In a formal statement, the BPI is now blasting back.  ”Illegal results that are taken down by Google are frequently replaced by other illegal links, which means that legal services continue to be overshadowed by infringing sites in the very top search results,” the group stated.

”This damaging situation can only be remedied by Google themselves changing strategy and pro-actively pursuing a ‘notice and stay down’ approach.”

The issue of pirated content on the internet has been a long-standing issue.  Though steps have been taken to remove the content, there hasn’t been any policy to actively prevent future content from appearing.  Content can typically be taken down from Google, but almost never removed.

An alternative, ‘stay down’ approach would rapidly change behavior.  If people knew that uploading pirate links would not only result in a takedown, but also prevent that content from being re-loaded, the piracy landscape would start to change.  It would take a lot more effort and a lot more time for them to keep creating links to stolen material.

Hearing the argument and the imbalance in term, the British Government has stepped in to try to reach a ”voluntary agreement”.  The timescale for a mutual agreement between Google and the BPI is unknown.

 

 

(Image by Pixaby, Creative Commons CC0, Public domain)

6 Responses

  1. Ballstone the greater

    Honestly, I am tired of receiving false DMCA takedown requests in Google’s webmaster tools. It is plainly harassment. As a publisher I have no interest in giving out my info via Google’s rebuttal process.

    The headline is misleading here. Google is not facing government scrutiny, they are facing scrutiny from individuals who feel entitled to censor others.

    Maybe it would not look so bad if the parties involved were somewhat competent in their DMCA spamming. As it stands they send DMCA takedown requests indiscriminately.

    Reply
    • Anonymous

      Oh bull.

      Google will do whatever it takes to avoid this scenario, as they make too much money from piracy to go down without a fight.

      Reply
    • FarePlay

      Ballstone. I’m guessing you’re a fiction writer?

      While some notable false negatives generate headlines, the occurrence of this type of error is actually quite rare.

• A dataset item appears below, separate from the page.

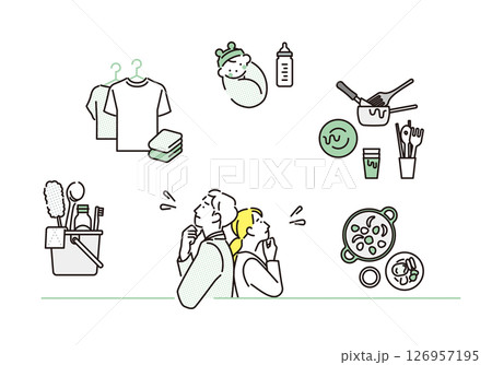 シンプル イラスト 仕事と家事育児に悩む夫婦のベクターイラスト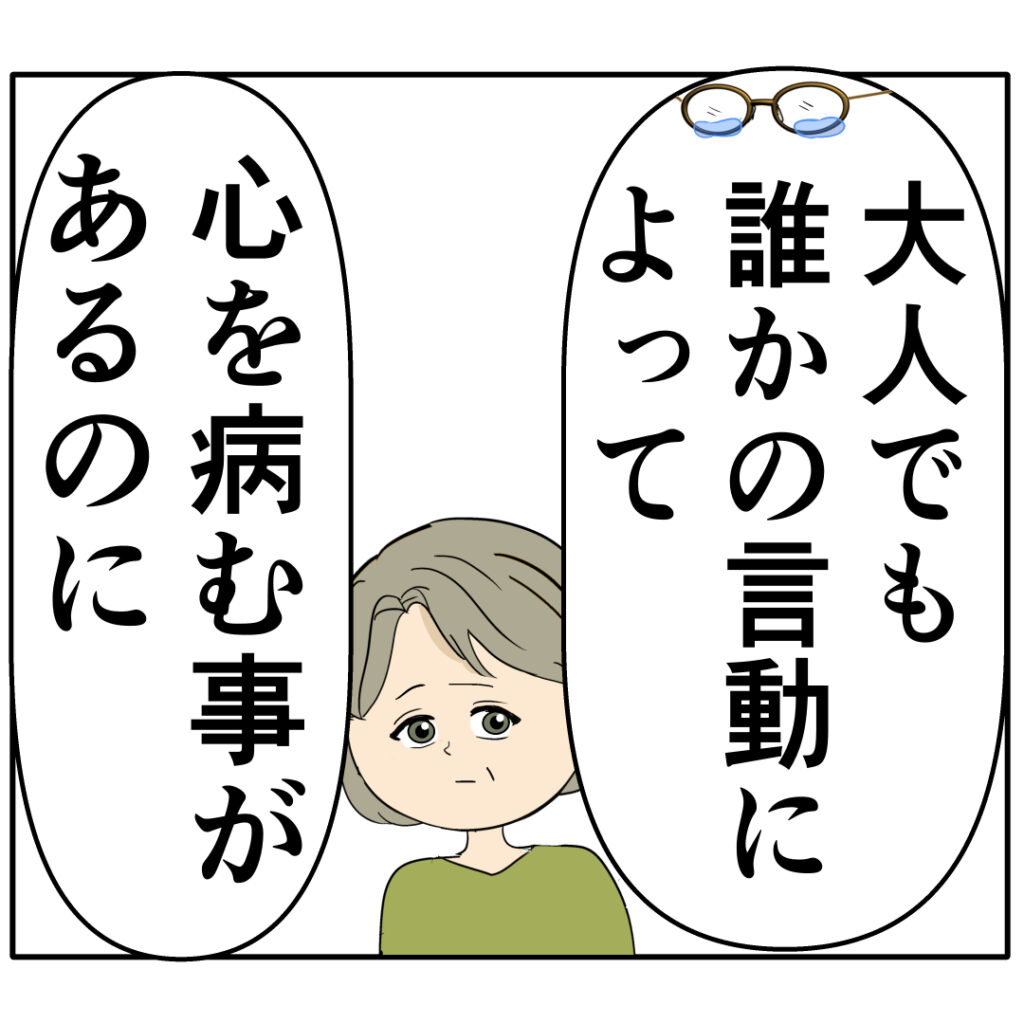 めが根さんは、ジュリ実さんのことを思いながら義母に語りかけます。「大人でも誰かの言動によって心を病む事があるのに」

      A study that analyzed the number of section 512 notices sent by the U.S. film industry during six months in 2013, found that of the 25 million notices these companies sent, the relevant online intermediary only received eight counter notices.

      A more recent review of the notices sent to Twitter shows a similarly low numbers of counter notices. From July to December 2015, Twitter received 35,000 notices, but only 121 counter notices.

      And during the prior six months, Twitter received 18,000 notices and only 27 counter notices.14

      Reply
      • Ballstone the greater

        I’ve received thousands of false DMCA notices, and I have no intention of filing a counterclaim. The statistics you quote ignore the unseen cases. The counter-claim process is not worth it for most users.

        On occasion I will directly contact the DMCA mills responsible for the false claims. This almost never resolves the issue. This is completely irresponsible.

        Before DMCA spammers ask for more authority to censor, perhaps it would be better if they exercised their existing powers more responsibly.